Today's edition of Skift's daily podcast looks closer at the U.S.'s Chinese tourist problem, TUI's post-pandemic profite, and Inspirato's inspiration.
Skift Daily Briefing Podcast
Listen to the day’s top travel stories in under four minutes every weekday.
Good morning from Skift. It’s Thursday, August 10. Here’s what you need to know about the business of travel today.
U.S. tourism businesses were heavily dependent on Chinese visitors pre-pandemic and now are looking elsewhere to replace billions in tourist spending, writes Global Tourism Reporter Dawit Habtemariam.
Brand USA CEO Chris Thompson said Chinese visitors spent $35 billion in 2019, making them the largest tourism market in the U.S. in terms of spend.
So where are U.S. travel brands turning? NYC Tourism + Conventions CEO Fred Dixon cited Brazil as one market the city is focusing on. Meanwhile, LA Tourism CEO Adam Burke said his city is ramping up its marketing efforts in countries such as Australia, New Zealand and the United Kingdom.
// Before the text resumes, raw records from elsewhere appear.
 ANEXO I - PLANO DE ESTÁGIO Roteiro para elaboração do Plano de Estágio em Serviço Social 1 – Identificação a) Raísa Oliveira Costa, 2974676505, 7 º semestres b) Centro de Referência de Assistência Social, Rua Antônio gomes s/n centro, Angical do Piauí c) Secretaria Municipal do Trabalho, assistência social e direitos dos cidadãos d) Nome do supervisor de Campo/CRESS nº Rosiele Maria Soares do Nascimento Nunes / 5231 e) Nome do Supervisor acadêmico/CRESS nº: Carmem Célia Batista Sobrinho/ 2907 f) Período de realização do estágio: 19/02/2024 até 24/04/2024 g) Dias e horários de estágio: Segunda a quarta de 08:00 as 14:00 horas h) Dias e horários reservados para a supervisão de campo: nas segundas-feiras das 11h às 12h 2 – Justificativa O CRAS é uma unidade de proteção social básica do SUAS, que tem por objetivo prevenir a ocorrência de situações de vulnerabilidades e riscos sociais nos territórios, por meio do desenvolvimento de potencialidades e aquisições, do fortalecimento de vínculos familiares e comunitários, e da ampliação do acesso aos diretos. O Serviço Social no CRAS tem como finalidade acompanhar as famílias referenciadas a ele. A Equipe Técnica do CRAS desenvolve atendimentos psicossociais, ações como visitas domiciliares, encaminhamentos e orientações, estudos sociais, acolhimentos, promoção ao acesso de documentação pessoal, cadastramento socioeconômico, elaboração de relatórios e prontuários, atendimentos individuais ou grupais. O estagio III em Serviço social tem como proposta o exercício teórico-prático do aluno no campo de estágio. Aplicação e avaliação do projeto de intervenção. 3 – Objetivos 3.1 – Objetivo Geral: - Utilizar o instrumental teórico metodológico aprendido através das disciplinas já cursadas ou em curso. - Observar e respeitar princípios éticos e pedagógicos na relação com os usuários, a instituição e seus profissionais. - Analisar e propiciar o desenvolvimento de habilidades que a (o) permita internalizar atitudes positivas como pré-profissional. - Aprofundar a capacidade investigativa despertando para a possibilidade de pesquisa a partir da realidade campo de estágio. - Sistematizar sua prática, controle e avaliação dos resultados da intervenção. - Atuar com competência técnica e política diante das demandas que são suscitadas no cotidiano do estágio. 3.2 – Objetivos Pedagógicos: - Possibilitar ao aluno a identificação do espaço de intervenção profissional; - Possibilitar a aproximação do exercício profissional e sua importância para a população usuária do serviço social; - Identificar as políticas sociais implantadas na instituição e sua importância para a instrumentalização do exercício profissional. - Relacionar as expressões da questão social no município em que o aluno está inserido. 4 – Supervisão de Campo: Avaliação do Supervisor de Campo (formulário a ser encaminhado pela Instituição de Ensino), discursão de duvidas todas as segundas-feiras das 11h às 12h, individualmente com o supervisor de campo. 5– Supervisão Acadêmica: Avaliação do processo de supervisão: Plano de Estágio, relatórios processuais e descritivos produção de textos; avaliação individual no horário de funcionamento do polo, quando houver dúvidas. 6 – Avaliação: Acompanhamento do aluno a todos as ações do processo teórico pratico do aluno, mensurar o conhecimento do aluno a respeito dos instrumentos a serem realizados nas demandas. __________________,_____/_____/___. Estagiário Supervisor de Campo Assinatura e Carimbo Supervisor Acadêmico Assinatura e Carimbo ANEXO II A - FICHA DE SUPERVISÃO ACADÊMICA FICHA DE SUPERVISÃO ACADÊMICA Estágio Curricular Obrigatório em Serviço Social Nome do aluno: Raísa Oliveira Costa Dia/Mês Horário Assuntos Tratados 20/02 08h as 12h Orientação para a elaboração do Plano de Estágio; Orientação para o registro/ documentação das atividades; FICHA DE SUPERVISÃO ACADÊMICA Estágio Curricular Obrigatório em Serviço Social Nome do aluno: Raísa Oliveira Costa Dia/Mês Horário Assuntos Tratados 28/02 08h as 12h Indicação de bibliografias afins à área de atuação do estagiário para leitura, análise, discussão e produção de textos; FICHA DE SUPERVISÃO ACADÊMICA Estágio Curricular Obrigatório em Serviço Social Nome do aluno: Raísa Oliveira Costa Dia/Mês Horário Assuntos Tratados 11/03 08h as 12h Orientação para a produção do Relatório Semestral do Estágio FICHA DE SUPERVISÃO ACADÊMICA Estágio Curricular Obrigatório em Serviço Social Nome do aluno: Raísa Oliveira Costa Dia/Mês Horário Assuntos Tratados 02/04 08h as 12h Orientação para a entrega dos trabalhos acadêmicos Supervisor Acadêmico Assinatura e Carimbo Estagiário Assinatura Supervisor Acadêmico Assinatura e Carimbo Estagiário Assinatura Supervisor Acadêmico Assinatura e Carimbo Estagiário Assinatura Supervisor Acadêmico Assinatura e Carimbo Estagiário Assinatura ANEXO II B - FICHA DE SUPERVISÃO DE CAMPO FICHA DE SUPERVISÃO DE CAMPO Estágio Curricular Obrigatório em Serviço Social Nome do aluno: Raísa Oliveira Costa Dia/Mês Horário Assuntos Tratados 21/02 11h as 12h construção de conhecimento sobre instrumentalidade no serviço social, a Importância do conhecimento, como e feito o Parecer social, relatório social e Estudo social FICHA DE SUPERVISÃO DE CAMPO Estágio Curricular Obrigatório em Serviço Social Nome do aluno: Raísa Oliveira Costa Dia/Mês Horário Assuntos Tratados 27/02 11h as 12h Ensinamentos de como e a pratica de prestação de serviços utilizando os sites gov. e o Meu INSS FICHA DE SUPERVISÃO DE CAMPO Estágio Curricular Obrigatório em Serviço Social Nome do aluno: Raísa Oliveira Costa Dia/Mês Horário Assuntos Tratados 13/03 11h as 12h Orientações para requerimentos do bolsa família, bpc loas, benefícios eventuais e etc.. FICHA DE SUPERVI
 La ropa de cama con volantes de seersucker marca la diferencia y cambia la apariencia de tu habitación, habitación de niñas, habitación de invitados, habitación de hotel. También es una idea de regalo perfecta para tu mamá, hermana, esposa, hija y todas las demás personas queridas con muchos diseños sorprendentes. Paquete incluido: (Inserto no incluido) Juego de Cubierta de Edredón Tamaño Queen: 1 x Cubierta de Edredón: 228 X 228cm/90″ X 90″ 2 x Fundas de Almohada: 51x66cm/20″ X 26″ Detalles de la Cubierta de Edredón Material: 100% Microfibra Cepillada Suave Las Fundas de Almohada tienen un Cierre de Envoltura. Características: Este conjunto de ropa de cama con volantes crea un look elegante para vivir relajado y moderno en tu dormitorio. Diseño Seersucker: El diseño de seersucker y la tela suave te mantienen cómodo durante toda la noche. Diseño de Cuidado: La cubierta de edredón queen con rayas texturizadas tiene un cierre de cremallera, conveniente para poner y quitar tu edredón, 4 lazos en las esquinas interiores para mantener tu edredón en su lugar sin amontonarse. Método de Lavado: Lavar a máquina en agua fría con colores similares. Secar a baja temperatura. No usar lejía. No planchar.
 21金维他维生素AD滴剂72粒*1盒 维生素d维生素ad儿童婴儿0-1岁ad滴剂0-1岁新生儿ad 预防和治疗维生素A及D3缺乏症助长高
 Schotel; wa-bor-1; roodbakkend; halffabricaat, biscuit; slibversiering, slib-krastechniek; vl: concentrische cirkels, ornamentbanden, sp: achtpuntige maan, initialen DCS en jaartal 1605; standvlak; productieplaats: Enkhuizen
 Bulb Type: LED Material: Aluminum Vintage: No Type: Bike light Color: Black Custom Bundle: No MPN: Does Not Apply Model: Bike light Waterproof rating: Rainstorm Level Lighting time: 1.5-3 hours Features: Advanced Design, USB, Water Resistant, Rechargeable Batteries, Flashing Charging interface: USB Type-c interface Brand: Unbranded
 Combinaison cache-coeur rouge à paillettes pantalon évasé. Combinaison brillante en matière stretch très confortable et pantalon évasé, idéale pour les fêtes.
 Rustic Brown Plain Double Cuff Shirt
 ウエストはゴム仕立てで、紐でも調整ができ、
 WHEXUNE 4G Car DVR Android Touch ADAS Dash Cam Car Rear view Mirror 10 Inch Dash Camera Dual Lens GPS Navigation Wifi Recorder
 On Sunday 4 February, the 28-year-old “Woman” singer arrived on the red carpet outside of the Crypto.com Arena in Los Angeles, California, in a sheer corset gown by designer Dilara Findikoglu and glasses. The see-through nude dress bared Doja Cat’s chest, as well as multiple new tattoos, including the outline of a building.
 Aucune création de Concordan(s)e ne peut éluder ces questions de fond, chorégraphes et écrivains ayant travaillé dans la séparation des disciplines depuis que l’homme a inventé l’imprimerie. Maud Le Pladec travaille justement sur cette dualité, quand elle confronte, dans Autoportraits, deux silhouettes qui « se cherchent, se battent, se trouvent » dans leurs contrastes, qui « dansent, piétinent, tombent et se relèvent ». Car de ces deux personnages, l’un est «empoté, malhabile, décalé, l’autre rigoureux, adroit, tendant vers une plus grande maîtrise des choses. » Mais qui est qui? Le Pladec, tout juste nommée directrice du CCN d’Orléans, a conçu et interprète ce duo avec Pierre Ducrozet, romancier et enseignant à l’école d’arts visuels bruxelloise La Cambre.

Next, tour operator group TUI has posted its first post-pandemic net profit. However, the company’s overall performance for the year is expected to be impacted by extreme weather throughout Europe, writes Travel Experiences Reporter Selene Brophy.
TUI Group CEO Sebastian Ebel said on Wednesday that surging travel demand in its third quarter pushed its booking performance to a 6% gain. He added the company had seen a drop in bookings after recent wildfires in Greece’s Rhodes Island. Brophy reports an estimated 8,000 TUI customers were impacted by weather and wildlife disruptions. Although Ebel outlined several ways extreme weather could impact the travel industry and the company, including destinations with more moderate climates likely seeing a boom in popularity.
TUI Group reported revenue of $5.8 billion during the third quarter, a 19% jump from last year.
Finally, luxury travel subscription brand Inspirato has had its share of struggles recently, including mounting losses and another round of layoffs. But the company does see a path back to profitability, writes Short-Term Rentals Reporter Srividya Kalyanaraman.
Inspirato CEO Brent Handler announced a partnership on Wednesday with investment firm Capital One Ventures, in which Capital One would provide Inspirato a $25 million convertible note. In addition, Inspirato has reduced supply, removing 60 residences from its portfolio due to non-renewal and/or early terminations of leases. Handler expressed confidence the company’s efforts to cut costs will be successful and said it can be profitable even without growth.